Martha had reported for many countries like Finland, Hong Kong, Singapore, Burma as well as England. She was one such reporter who reported even from the goriest of crime scenes and impossible locations.
She reported the Vietnam War and the Arab-Israel conflicts in the 1960s and 70s when she was working for the ‘Atlantic Monthly’. For the next 10 years, she reported the Civil Wars in Central America.
Before superannuating from journalism, due to an advanced age, she successfully reported the U.S.A ’s Panama invasion in 1989. The last foreign assignment she did was for Brazil in the year 1995, there she covered poverty which was published in literary journal ‘Granta ‘.
Major Work
Being a leading war correspondent, she wrote many articles like ‘The Face of War’ (1959) – an assortment of wartime writing and ‘The View from the Ground’ (1988) an assortment of peacetime essays. In between, she also wrote ‘Vietnam: A New Kind of War’ (1966).
Apart from being a journalist she was a brilliant novelist; this lady wrote numerous books. Gellhorn’s journeys, including a voyage with Hemingway, were best described in ‘Travels with Myself and Another: A Memoir’ (1978).
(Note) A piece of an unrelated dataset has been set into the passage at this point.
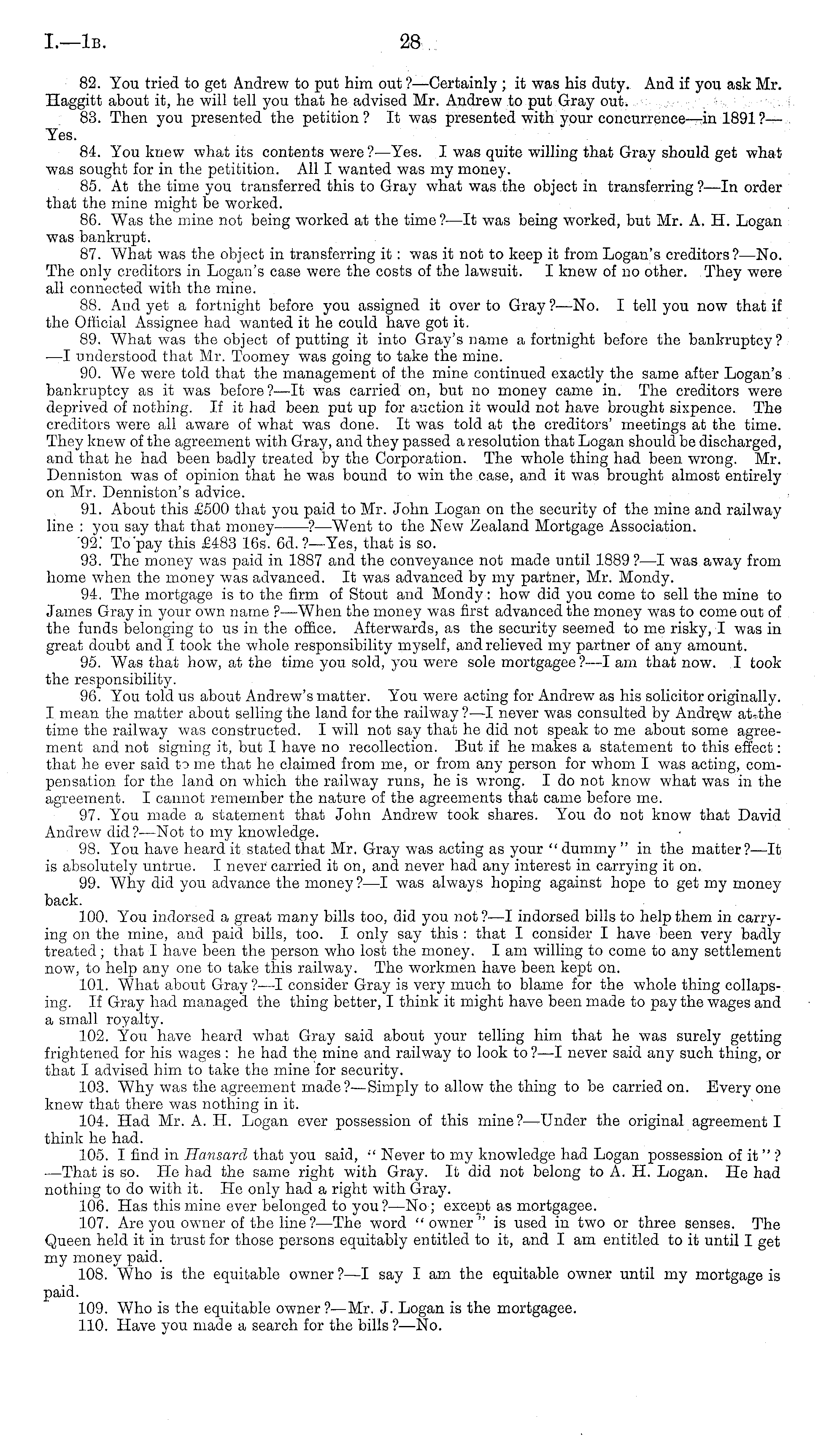 82. You tried to get Andrew to put him out ? —Certainly ; it was his duty. And if you ask Mr. Haggitt about it, he will tell you that he advised Mr. Andrew to put Gray out. 83. Then you presented the petition? It was presented with your concurrence—in 1891? — Yes. 84. You knew what its contents were ?—Yes. I was quite willing that Gray should get what was sought for in the petitition. All I wanted was my money. 85. At the time you transferred this to Gray what was the object in transferring?—ln order that the mine might be worked. 86. Was the mine not being worked at the time ?—lt was being worked, but Mr. A. H. Logan was bankrupt. 87. What was the object in transferring it: was it not to keep it from Logan's creditors?— No. The only creditors in Logan's case were the costs of the lawsuit. I knew of no other. They were all connected with the mine. 88. And yet a fortnight before you assigned it over to Gray ?—No. I tell you now that if the Official Assignee had wanted it he could have got it. 89. What was the object of putting it into Gray's name a fortnight before the bankruptcy? —I understood that Mr. Toomey was going to take the mine. 90. We were told that the management of the mine continued exactly the same after Logan's bankruptcy as it was before ?—lt was carried on, but no money came in. The creditors were deprived of nothing. If it had been put up for auction it would not have brought sixpence. The creditors were all aware of what was done. It was told at the creditors' meetings at the time. They knew of the agreement with Gray, and they passed a resolution that Logan should be discharged, and that he had been badly treated by the Corporation. The whole thing had been wrong. Mr. Denniston was of opinion that he was bound to win the case, and it was brought almost entirely on Mr. Denniston's advice. 91. About this £500 that you paid to Mr. John Logan on the security of the mine and railway line : you say that that money ? —Went to the New Zealand Mortgage Association. '92.' To'pay this £483 16s. 6d. ?—Yes, that is so. 93. The money was paid in 1887 and the conveyance not made until 1889 ? —I was away from home when the money was advanced. It was advanced by my partner, Mr. Mondy. 94. The mortgage is to the firm of Stout and Mondy: how did you come to sell the mine to James Gray in your own name ? —When the money was first advanced the money was to come out of the funds belonging to us in the office. Afterwards, as the security seemed to me risky, I was in great doubt and I took the whole responsibility myself, and relieved my partner of any amount. 95. Was that how, at the time you sold, you were sole mortgagee?—l am that now. I took the responsibility. 96. You told us about Andrew's matter. You were acting for Andrew as his solicitor originally. I mean the matter about selling the land for the railway?—l never was consulted by Andrew at.the time the railway was constructed. I will not say that he did not speak to me about some agreement and not signing it, but I have no recollection. But if he makes a statement to this effect: that he ever said to me that he claimed from me, or from any person for whom I was acting, compensation for the land on which the railway runs, he is wrong. Ido not know what was in the agreement. I cannot remember the nature of the agreements that came before me. 97. You made a statement that John Andrew took shares. You do not know that David Andrew did? —Not to my knowledge. 98. You have heard it stated that Mr. Gray was acting as your "dummy" in the matter?—lt is absolutely untrue. I never carried it on, and never had any interest in carrying it on. 99. Why did you advance the money?—l was always hoping against hope to get my moneyback. 100. You indorsed a great many bills too, did you not ? —I indorsed bills to help them in carrying on the mine, and paid bills, too. I only say this : that I consider I have been very badly treated; that I have been the person who lost the money. lam willing to come to any settlement now, to help any one to take this railway. The workmen have been kept on. 101. What about Gray?—l consider Gray is very much to blame for the whole thing collapsing. If Gray had managed, the thing better, I think it might have been made to pay the wages and a small royalty. 102. You have heard what Gray said about your telling him that he was surely getting frightened for his wages :he had the mine and railway to look to ? —I never said any such thing, or that I advised him to take the mine for security. 103. Why was the agreement made?— Simply to allow the thing to be carried on. Every one knew that there was nothing in it. 104. Had Mr. A. H. Logan ever possession of this mine?— Under the original agreement I think he had. 105. I find in Hansard that you said, " Never to my knowledge had Logan possession of it " ? —That is so. He had the same right with Gray. It did not belong to A. H. Logan. He had nothing to do with it. He only had a right with Gray. 106. Has this mine ever belonged to you? —No; except as mortgagee. 107. Are you owner of the line ?—The word "owner" is used in two or three senses. The Queen held it in trust for those persons equitably entitled to it, and I am entitled to it until I get my money paid. 108. Who is the equitable owner ?—I say I am the equitable owner until my mortgage is paid. 109. Who is the equitable owner ?—Mr. J. Logan is the mortgagee. 110. Have you made a search for the bills ?—No.

Her book ‘The Trouble I’ve Seen’ (1936) regarding the impact of the great depression on the American people was hugely successful and had tremendous response.

Awards & Achievements

To honor the amazing lady and her work ‘The Martha Gellhorn Prize for Journalism’ was named in 1999 by the Martha Gellhorn Trust. This award is presented to journalists ‘who tell the truth, validated by powerful facts.

Martha’s relationship with Ernest Hemingway is the subject of Paula McLain’s 2018 popular novel, ‘Love & Ruin’.

Gellhorn was the first lady journalist to be honored by the American government to be in the ‘American Journalists Stamp Series’ of 2008.

A movie, ‘Hemingway & Gellhorn’ (2012) was based on her life. Martha’s character was depicted by Nicole Kidman.

Personal life and legacy

Martha Gellhorn was Ernest Hemingway’s third wife who himself was a celebrated novelist. She married him in 1940, but took divorce in 1945. She begrudged being famous as ‘Hemingway’s third wife’ when she herself was a self-made woman.

While being in marriage to Hemingway, she had an affair with Major General James M. Gavin of USA. She had an adopted son, Sandy, in 1949 from an Italian orphanage.

When she was 22 years old, Gellhorn had a serious affair with the French economist Bertrand de Jouvenel, which ended after 4 years. She brook with him when Jouvenel’s wife refused to give him a divorce.

During last days of her life, Martha became almost blind and suffered from ovarian and liver cancer. She committed suicide by swallowing cyanide at the age of 89 on February 15, 1998.

Net worth
There is no exact record of her net worth available but Gellhorn owned houses in 19 different locations
General Trivia
Martha Gellhorn hated being called third wife of Ernest Hemingway because she herself was an independent and popular lady
She owned houses in 19 different locations.